Ross continues to seek forgiveness from Rachel after insulting her, but she tells him that they as a couple will never happen. Whilst looking through the box her parents brought, Monica finds a video of her and Rachel getting ready for their senior prom. The friends decide to watch the video, although Ross objects to everyone seeing the tape. On the video, Rachel's date, Chip Matthews, has not arrived, and Monica refuses to go to the prom without her. Judy convinces Ross to wear Jack's tuxedo and take Rachel to the prom himself. Ross reluctantly agrees, but by the time he is dressed and ready to go, Chip has arrived and the girls leave. The video ends with Ross looking disappointed and dejected. Rachel, touched by Ross' gesture, gets up and passionately kisses him, forgiving him for what happened between them.

Monica later watches the video alone which features her and Jack dancing before the prom. It suddenly cuts to Jack and Judy making love in bed, which disgusts her.

==Production==

Aniston, Cox and Schwimmer wore additional costumes and make-up for the prom video scenes.

The producers had kept Ross and Rachel from being together throughout the first season, eventually bringing them together in the second-season episode "The One Where Ross Finds Out", only to split them up in the following episode. Writer Alexa Junge incorporated many of her own experiences into the script, in particular Phoebe's line about Ross and Rachel being "lobsters", something Junge's husband once said. Aniston wore a false nose for the scenes in the video while Cox wore a "fat suit". While a previous episode had already established Monica as being overweight as a child, this was the first on-screen appearance of "Fat Monica" (the fat suit made frequent return appearances). Rachel's large nose was added because Junge believed that the characters "were so good-looking, you wanted to feel they had some realness in their past".

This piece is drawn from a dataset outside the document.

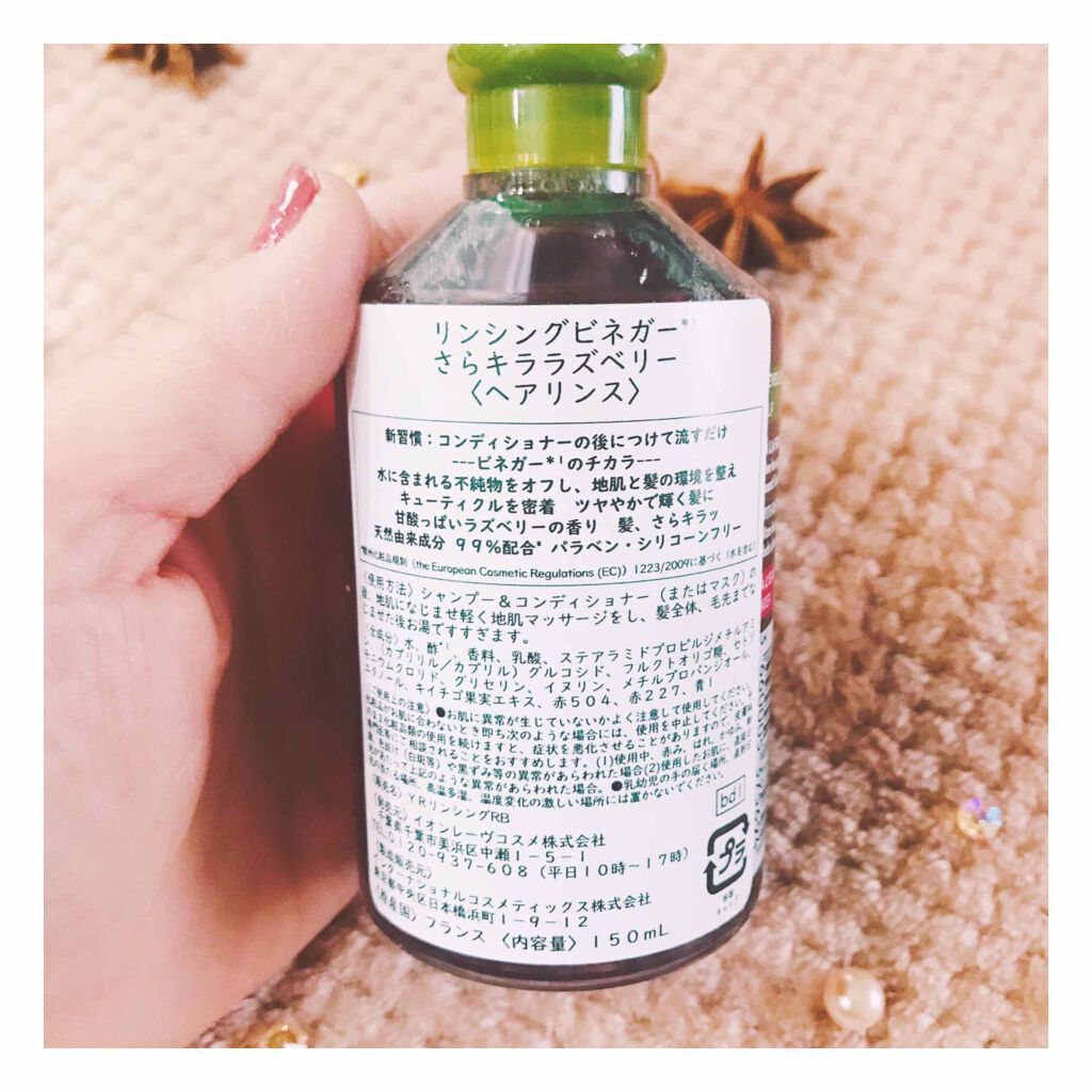 イヴ・ロシェリンシングビネガー・ピュアリフレッシュ うるつやモリンガ・シルキーシャイン さらキララズベリーこちらウエルシアでたまたま見つけて購入しました。コンディショナーやヘアマスクなどの後に頭皮や毛先に馴染ませて流すだけ!ビネガーのヘアトリ...

At first, Schwimmer did not want to wear the afro wig and mustache because he thought he would look like Gabe Kaplan in Welcome Back, Kotter (a similarity referenced in the episode). He relented because it enabled him to "tap into a part of himself that was very vulnerable and shy" and incorporate it into his performance. An early script draft featured a scene in the prom video in which an episode of All My Children is on in the background. The scene was intended to feature the character "Bryce", played by Gunther (as revealed in "The One Where Eddie Won't Go").

==Reception==
In 1997, TV Guide ranked this episode number 100 on their list of the "100 Greatest Episodes of All Time".

"The One with the Prom Video" received acclaim from critics. Entertainment Weekly rates the episode "A", welcoming the return of Burrows as director and calling the prom video "witty character development disguised as a standard flashback." The authors of Friends like Us: The Unofficial Guide to Friends write that it is "a watershed in the history of the show" and "It's the sign of a good show that they can switch so effortlessly from comedy to pathos to romance in one short scene." Robert Bianco wrote in USA Today in 2004, "If any one outing can take credit for moving Friends from good to great, it's Prom Video" and describes the resolution as an "ingenious, unexpected twist."

The episode is popular among fans of the series. It appeared on one of the first region 1 "best of" DVD releases and is one of the two episodes to feature an audio commentary on the region 1 DVD release of the complete second season. In a poll conducted shortly before the series finale, "The One with the Prom Video" was voted the best episode of Friends, with 1.6 million people polling on the Internet. The episode is the favorite of Schwimmer, who liked the comedic and emotional origins of the Ross/Rachel relationship, as well as the exchange between Monica and Chandler as she defends her weight on the video.

In 2014, Gawker published a list of every episode of Friends ranked from No. 236 through No. 1. "The One With The Prom Video" was ranked as the No. 1 best episode on the list.